As observed from the filter fouling trends, failures of the depth filters we tested were primarily caused by a monotonic increase in pressure drop on the depth filter itself — or in some cases failure of the depth filter to protect the sterilizing-grade filter downstream. At all turbidities, an exponential pressure increase was rarely seen in the depth filter, indicating that even at our 25-psid filtration endpoint, no significant plugging of the internal pore structure of the depth filters had yet occurred. This general behavior may allow extrapolation of depth filter throughput based on shorter experiments; however, apart from mechanical fouling, depth filter breakthrough cannot be predicted and must be tested explicitly.

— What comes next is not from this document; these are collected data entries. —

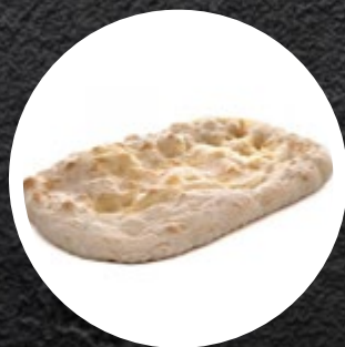
PODLOGA ZA GURMAN. PIZZO PRED. 560G-5KOM
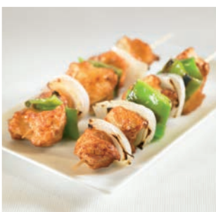
Brochetas de pollo con verduras
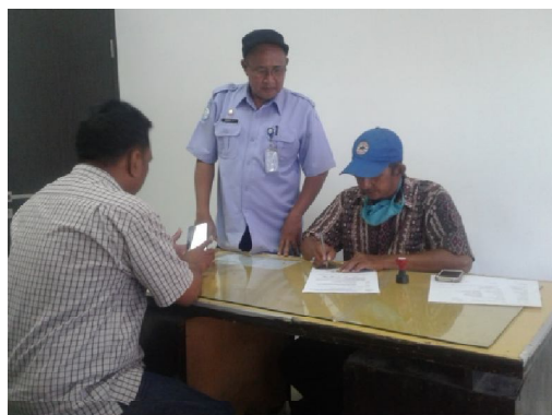
Penandatanganan BAST – BP
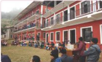
स्वम्भरको ३७ औं वार्षिक उत्सवमा आयोजना गरिएको नयाँकात इतिहासविद्यालय आँखारी विद्यालयद्वारा
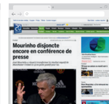
annonce native affichée sur 20minutes.ch
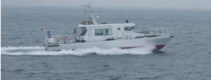
港湾業務艇「くるしま」 情報収集作業状況
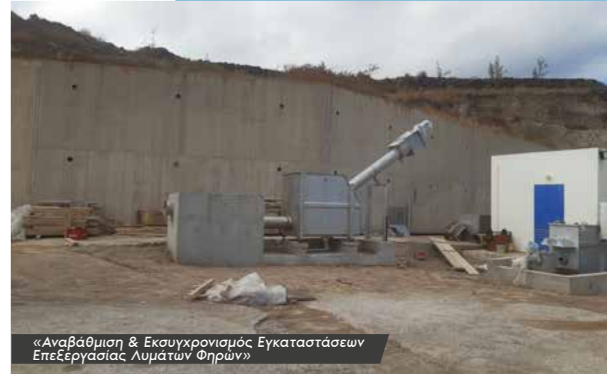
«Αναβάθμιση & Εκσυγχρονισμός Εγκαταστάσεων Επεξεργασίας Λυμάτων Φηρών»
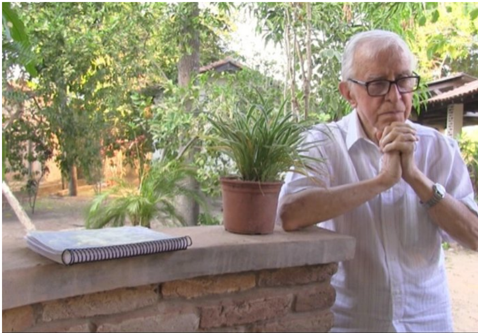
El bisbe Pere Casaldàliga, en un reportatge de TV3 i en una entrevista del 2012.
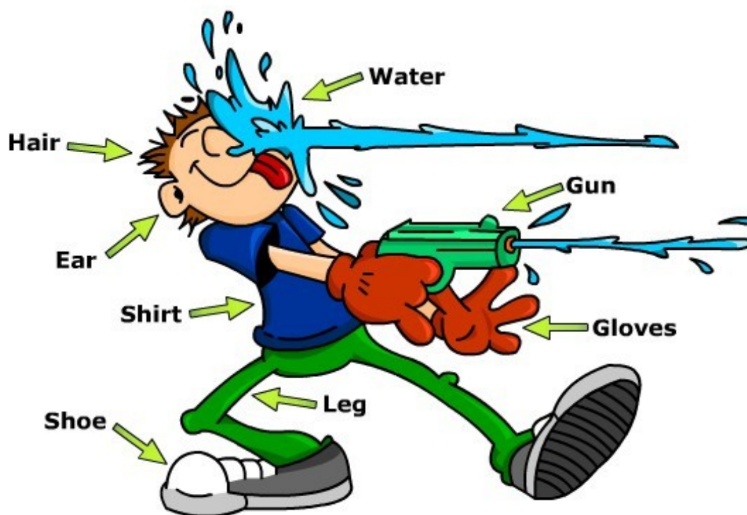
Ilustracja 1: Źródło: opracowanie własne na podstawie materiałów p. Krzysztofa Klimaja – twórcy serwisu www.szybkanauka.fr.pl .

Zgodnie ze starym przysłowiem: jeden rysunek wart jest tysiąca słów, więc najlepszym opisem metody skojarzeń swobodnych będzie poniższy rysunek:
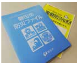
▶磐田市防災ファイルと配布チラシ

災害時のトイレ問題は、体調不良につながります。自宅で少しでも快適な避難生活を送れるよう携帯トイレを備蓄しましょう。携帯トイレは、市内ホームセンターなどで購入できます。
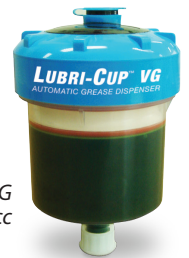
Lubri-Cup™ VG Mini – 250 cc
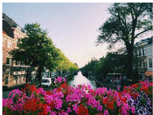
◆ 靠近海牙市中心的運河
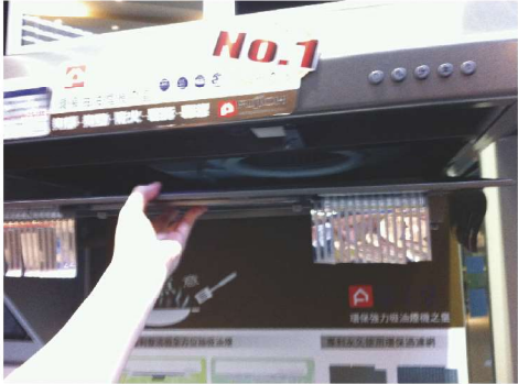
把安全保護網取下時抓牢，以免滑落引起受傷
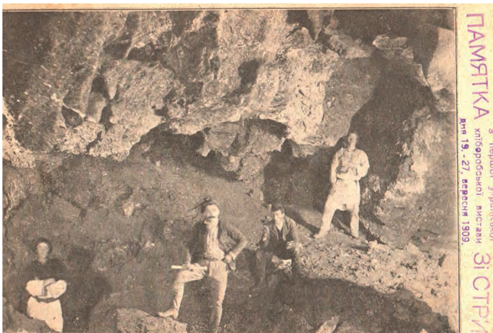
Ілюстр. 12. Печери на околиці с. Кривче
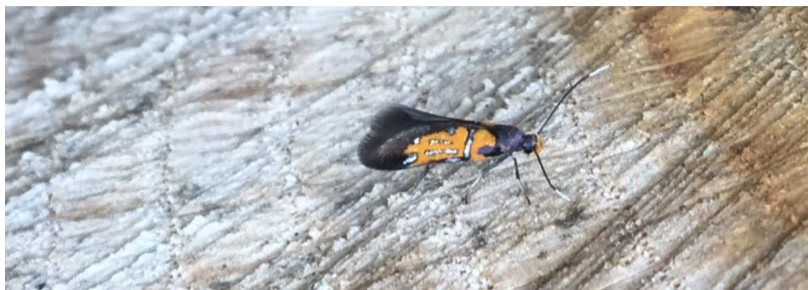
Figur 8. Kilskriftspraktmal fotad vid veddeponin på Sternö.

Kilskriftspraktmal Schiffermuelleria schaefferella NA – möjligen lokal etablering av raritet som beskrevs av Linne 1758 och som sedan dess inte har observerats på 250 år. Har hittats på importvirke i Uppland, Halland och Blekinge. Ursprunget i det här fallet är förmodligen detsamma. Hamnen i Karlshamn importerar dryga 20 000 kubikmeter/år av björk och asp från Baltikum och Ryssland (Svensson, 2015) med stor sannolikhet kommer djuret från detta virke. Den lever på svampangripen lövved och/eller under barken av detsamma. Det intressanta är om den här har etablerat sig i faunadepån och möjligen även i närområdet.

Interesting irregularities in the pressure profiles of the depth filters may be partially explained by theoretical predictions. Captured particles may form clusters in a filter matrix, break away after a critical fouling point, and redeposit themselves within the filter, causing changes in depth filter permeability throughout the filtration. These models also show that breakthrough failure may not be necessarily attributable to exhaustion of adsorptive capacity. Instead, such behavior could be attributed to reaching a critical interstitial velocity within the filter matrix (because of increased pressure drop across the filter caused by matrix plugging), which severely limits filtration efficiency and causes breakthrough of particulates (3, 8, 10, 11). One key to increasing future depth filter capacity may thus be to control particulate clustering (e.g., with additives) or modulate flow rate to avoid or exploit critical shear thresholds within a depth filter.